■ **Available data**

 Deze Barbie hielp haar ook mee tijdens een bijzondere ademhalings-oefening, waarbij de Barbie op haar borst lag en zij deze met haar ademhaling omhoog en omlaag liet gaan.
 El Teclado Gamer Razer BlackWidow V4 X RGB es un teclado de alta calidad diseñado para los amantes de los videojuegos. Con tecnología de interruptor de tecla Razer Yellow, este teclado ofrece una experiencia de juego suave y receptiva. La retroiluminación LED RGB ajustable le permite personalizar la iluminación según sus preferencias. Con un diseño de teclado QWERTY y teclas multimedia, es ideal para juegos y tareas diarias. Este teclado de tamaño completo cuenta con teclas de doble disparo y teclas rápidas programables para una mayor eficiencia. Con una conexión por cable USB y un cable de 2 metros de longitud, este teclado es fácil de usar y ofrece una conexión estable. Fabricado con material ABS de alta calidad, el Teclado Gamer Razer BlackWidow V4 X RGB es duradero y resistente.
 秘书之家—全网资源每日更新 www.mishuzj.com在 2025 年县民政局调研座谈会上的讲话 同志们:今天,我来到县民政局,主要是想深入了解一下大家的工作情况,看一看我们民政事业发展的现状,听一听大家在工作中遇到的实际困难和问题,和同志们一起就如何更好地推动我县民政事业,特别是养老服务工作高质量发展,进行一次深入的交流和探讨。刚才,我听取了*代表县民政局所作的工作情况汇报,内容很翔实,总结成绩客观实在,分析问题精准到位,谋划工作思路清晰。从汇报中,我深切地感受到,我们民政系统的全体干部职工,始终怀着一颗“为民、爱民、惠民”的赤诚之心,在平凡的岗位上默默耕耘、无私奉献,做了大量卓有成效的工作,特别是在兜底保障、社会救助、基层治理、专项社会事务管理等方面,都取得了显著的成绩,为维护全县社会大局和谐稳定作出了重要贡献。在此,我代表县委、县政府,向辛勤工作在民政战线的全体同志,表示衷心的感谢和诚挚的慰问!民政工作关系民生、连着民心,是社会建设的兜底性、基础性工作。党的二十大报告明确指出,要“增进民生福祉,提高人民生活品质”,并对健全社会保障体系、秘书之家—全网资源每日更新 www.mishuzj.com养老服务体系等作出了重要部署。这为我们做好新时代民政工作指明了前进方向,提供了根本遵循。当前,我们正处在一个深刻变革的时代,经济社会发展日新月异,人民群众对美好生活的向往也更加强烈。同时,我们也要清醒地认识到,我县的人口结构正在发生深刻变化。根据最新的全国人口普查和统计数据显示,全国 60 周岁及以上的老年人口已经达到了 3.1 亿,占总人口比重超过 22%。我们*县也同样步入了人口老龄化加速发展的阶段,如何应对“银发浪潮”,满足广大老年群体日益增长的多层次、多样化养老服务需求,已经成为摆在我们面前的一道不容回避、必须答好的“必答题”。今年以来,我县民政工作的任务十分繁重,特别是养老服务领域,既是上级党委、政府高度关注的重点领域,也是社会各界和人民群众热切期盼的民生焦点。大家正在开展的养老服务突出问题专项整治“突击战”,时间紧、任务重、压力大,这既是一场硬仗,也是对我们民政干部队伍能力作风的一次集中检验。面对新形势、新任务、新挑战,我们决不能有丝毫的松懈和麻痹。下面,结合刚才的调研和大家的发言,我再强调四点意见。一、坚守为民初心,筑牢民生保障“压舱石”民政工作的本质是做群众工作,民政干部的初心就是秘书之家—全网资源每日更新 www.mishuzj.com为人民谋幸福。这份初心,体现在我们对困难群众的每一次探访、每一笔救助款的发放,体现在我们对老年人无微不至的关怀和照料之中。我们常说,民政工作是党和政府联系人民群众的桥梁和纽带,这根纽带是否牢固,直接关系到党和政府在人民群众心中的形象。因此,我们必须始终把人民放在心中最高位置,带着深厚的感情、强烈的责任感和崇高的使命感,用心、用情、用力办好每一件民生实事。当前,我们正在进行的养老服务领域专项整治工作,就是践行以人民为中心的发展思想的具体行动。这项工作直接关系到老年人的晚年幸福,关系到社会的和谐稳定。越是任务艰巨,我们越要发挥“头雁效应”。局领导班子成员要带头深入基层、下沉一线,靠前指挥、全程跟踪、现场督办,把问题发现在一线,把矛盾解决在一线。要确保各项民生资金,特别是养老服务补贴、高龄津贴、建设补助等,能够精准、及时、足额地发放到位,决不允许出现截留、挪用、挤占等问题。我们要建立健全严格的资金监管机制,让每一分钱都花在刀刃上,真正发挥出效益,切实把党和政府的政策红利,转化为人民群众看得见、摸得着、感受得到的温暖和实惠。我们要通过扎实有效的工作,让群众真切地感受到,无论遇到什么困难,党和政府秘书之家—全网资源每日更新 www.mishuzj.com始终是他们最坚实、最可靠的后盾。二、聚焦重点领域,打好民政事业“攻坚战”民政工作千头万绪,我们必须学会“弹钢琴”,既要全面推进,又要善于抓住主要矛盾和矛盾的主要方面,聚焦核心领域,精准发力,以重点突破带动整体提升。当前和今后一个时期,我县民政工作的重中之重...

...

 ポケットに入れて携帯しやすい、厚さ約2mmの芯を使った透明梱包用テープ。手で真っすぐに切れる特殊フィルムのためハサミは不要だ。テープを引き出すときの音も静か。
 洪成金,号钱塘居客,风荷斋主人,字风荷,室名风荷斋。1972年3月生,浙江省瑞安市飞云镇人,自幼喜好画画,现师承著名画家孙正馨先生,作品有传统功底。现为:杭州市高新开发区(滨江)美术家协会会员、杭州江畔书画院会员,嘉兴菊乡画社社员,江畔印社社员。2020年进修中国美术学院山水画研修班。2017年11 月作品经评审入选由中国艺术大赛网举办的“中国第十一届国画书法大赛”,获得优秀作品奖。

■ **Task instructions**
Give back exactly the lines of the listing above that run from the line with "ポケットに入れて携帯しやすい" to the line with "洪成金,号钱塘居客,风荷斋主", inclusive.

■ **Completed task**
 ポケットに入れて携帯しやすい、厚さ約2mmの芯を使った透明梱包用テープ。手で真っすぐに切れる特殊フィルムのためハサミは不要だ。テープを引き出すときの音も静か。
 洪成金,号钱塘居客,风荷斋主人,字风荷,室名风荷斋。1972年3月生,浙江省瑞安市飞云镇人,自幼喜好画画,现师承著名画家孙正馨先生,作品有传统功底。现为:杭州市高新开发区(滨江)美术家协会会员、杭州江畔书画院会员,嘉兴菊乡画社社员,江畔印社社员。2020年进修中国美术学院山水画研修班。2017年11 月作品经评审入选由中国艺术大赛网举办的“中国第十一届国画书法大赛”,获得优秀作品奖。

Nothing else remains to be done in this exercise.